这个文件就是DCGAN模型定义的函数。调用了utils.py文件和ops.py文件。

step0:定义conv_out_size_same(size, stride)函数。大小和步幅。

step1:然后是定义了DCGAN类,剩余代码都是在写DCGAN类,所以下面几步都是在这个类里面定义进行的。

step2:定义类的初始化函数 init。主要是对一些默认的参数进行初始化。包括session、crop、批处理大小batch_size、样本数量sample_num、输入与输出的高和宽、各种维度、生成器与判别器的批处理、数据集名字、灰度值、构建模型函数,需要注意的是,要判断数据集的名字是否是mnist,是的话则直接用load_mnist()函数加载数据,否则需要从本地data文件夹中读取数据,并将图像读取为灰度图。

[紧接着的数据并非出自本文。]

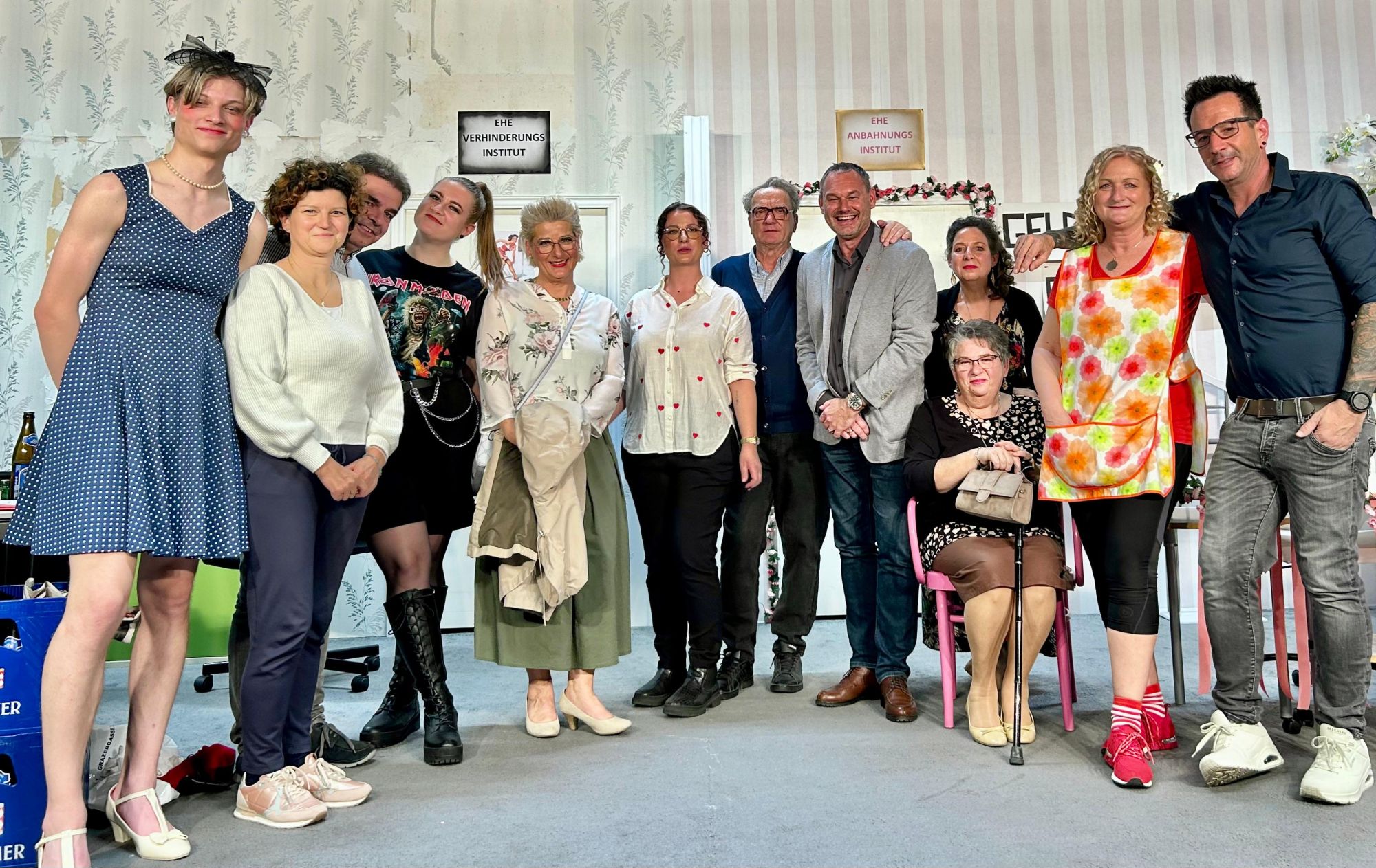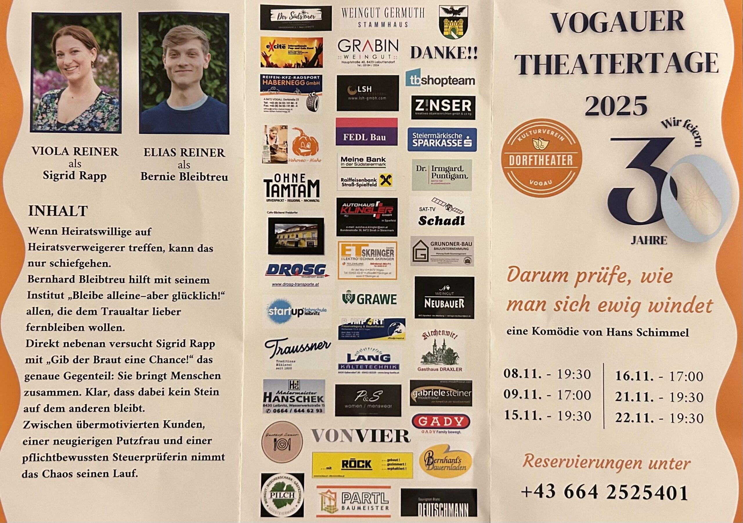 Wenn eines unserer Lieblings-Kollegen-Amateurtheater spielt, sind wir gerne dabei! Der Kulturverein Dorftheater Vogau existiert nunmehr schon seit 30 Jahren, im Jubiläumsjahr wird das Stück "Darum prüfe, wie man sich ewig windet" aufgeführt. Ob- (und "Putzfrau") Dagmar Ecker betonte in ihrer launigen Einführung, dass mit Heike und Günter Reiner nicht nur zwei Gründungsmitglieder auf der Bühne stehen, sondern gleich auch ihr Nachwuchs, Viola und Elias Reiner, in den Hauptrollen.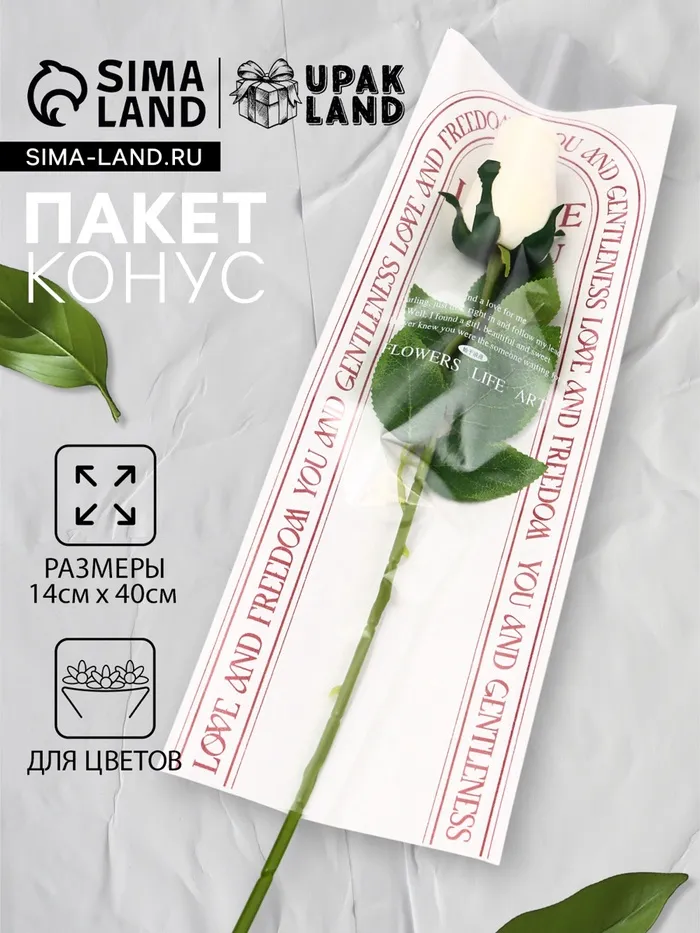 Пакет конус, для цветов, красный, 14×40 см — Характеристики

step3:定义构建模型函数build_model(self)。

  1. 首先判断y_dim,然后用tf.placeholder占位符定义并初始化y。
  2. 判断crop是否为真,是的话是进行测试,图像维度是输出图像的维度;否则是输入图像的维度。
  3. 利用tf.placeholder定义inputs,是真实数据的向量。
  4. 定义并初始化生成器用到的噪音z,z_sum。
  5. 再次判断y_dim,如果为真,用噪音z和标签y初始化生成器G、用输入inputs初始化判别器D和D_logits、样本、用G和y初始化D_和D_logits;如果为假,跟上面一样初始化各种变量,只不过都没有标签y。
  6. 将5中的D、D_、G分别放在d_sum、d__sum、G_sum。
  7. 定义sigmoid交叉熵损失函数sigmoid_cross_entropy_with_logits(x, y)。都是调用tf.nn.sigmoid_cross_entropy_with_logits函数,只不过一个是训练,y是标签,一个是测试,y是目标。
  8. 定义各种损失值。真实数据的判别损失值d_loss_real、虚假数据的判别损失值d_loss_fake、生成器损失值g_loss、判别器损失值d_loss。
  9. 定义训练的所有变量t_vars。
  10. 定义生成和判别的参数集。
  11. 最后是保存。

step4:定义训练函数train(self, config)。

  1. 定义判别器优化器d_optim和生成器优化器g_optim。
  2. 变量初始化。
  3. 分别将关于生成器和判别器有关的变量各合并到一个变量中,并写入事件文件中。
  4. 噪音z初始化。
  5. 根据数据集是否为mnist的判断,进行输入数据和标签的获取。这里使用到了utils.py文件中的get_image函数。
  6. 定义计数器counter和起始时间start_time。
  7. 加载检查点,并判断加载是否成功。
  8. 开始for epoch in xrange(config.epoch)循环训练。先判断数据集是否是mnist,获取批处理的大小。
  9. 开始for idx in xrange(0, batch_idxs)循环训练,判断数据集是否是mnist,来定义初始化批处理图像和标签。
  10. 定义初始化噪音z。
  11. 判断数据集是否是mnist,来更新判别器网络和生成器网络,这里就不管mnist数据集是怎么处理的,其他数据集是,运行生成器优化器两次,以确保判别器损失值不会变为0,然后是判别器真实数据损失值和虚假数据损失值、生成器损失值。
  12. 输出本次批处理中训练参数的情况,首先是第几个epoch,第几个batch,训练时间,判别器损失值,生成器损失值。
  13. 每100次batch训练后,根据数据集是否是mnist的不同,获取样本、判别器损失值、生成器损失值,调用utils.py文件的save_images函数,保存训练后的样本,并以epoch、batch的次数命名文件。然后打印判别器损失值和生成器损失值。
  14. 每500次batch训练后,保存一次检查点。

step5:定义判别器函数discriminator(self, image, y=None, reuse=False)。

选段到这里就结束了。